Doskonale wypada również druga pozycja albumu – Tańce symfoniczne op.45. Koncepcja dyrygenta opiera się na jego wieloletniej znajomości partytury, słychać wyraźnie, że muzykę Rosjanina ma nie tyko w głowie, ale i w sercu, co nie ulega najmniejszej wątpliwości. Efektem końcowym jest porywające wprost wykonanie ostatniego dzieła Sergiusza Rachmaninowa. Mamy do czynienia z klarowną wizją całości, doskonale dobranymi tempami, które pomagają oddać materię i ducha każdego z nich. Pokazany jest ogrom detali instrumentacyjnych i artykulacyjnych kolorowej, efektownej partytury. Muzycy z Orkiestry Symfonicznej Radia Bawarskiego błyszczą nie tylko w licznych solówkach, ale też w poszczególnych sekcjach zespołu, mającego spore pole do popisu. Ich produkcja jest pełna entuzjazmu, zaangażowania, energii, co udziela się od razu odbiorcy.
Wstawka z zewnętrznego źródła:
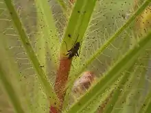 Otras plantas que se consideran como protocarnívoras tienen tricomas pegajosos sobre alguna superficie, como el escapo floral y las yemas de Stylidium y Plumbago,[13] las brácteas de Passiflora foetida, y las hojas de Roridula. Los tricomas de Stylidium, que aparecen debajo de la flor, se han adaptado para capturar y matar pequeños insectos desde que fueron descubiertas hace varios siglos, pero su objetivo sigue siendo ambiguo. En noviembre de 2006, el Dr. Douglas Darnowski publicó un artículo describiendo la digestión activa de proteínas cuando entran en contacto con un tricoma de una especie de Stylidium creciendo mediante una técnica de tejidos asépticos vegetales, demostrando que la planta, en lugar de los microbios de superficie, era la fuente de producción de la proteasa.[14] Darnowski afirma en ese documento que dada esta evidencia, las especies de Stylidium son llamadas carnívoras correctamente, aunque con el fin de cumplir la definición estricta de carnívora que se requiere para demostrar que son capaces de absorber los nutrientes que provienen de la presa y que esta adaptación le da a las plantas algunas ventajas competitivas.

Bardzo dobra realizacja dźwiękowa znacząco przyczynia się do wywołania wrażenia obcowania z prawdziwą artystyczną kreacją, będącą triumfem Marissa Jansonsa oraz prowadzonego przezeń zespołu.

Prezentowany album zdobył zasłużenie wiele prestiżowych nagród, co powinno być najlepszą rekomendacją dla miłośników muzyki Sergiusza Rachmaninowa, by się z nim zapoznać.


Paweł Chmielowski


Sergiusz Rachmaninow
Dzwony op. 35; Tańce symfoniczne op.45
Tatiana Pawlowska, sopran; Oleg Dolgow, tenor; Aleksy Markow, baryton • Chór Radia Bawarskiego • Orkiestra Symfoniczna Radia Bawarskiego • Mariss Jansons, dyrygent
BR Klassik 900154 • w. 2018, n.2016/17 • 74’19” ●●●●●○
 
Autor bloga dziękuje Radiu Bawarskiemu w Monachium za nadesłanie albumu do recenzji. Polski dystrybutor tego wydawcy nie przyczynił się w żaden sposób do ukazania się omówienia powyższego nagrania na stronie. 

Płytomaniak.blogspot would like to thank Bavarian Radio and Ms. Bärbel Widenmayer for sending the album and making this review possible.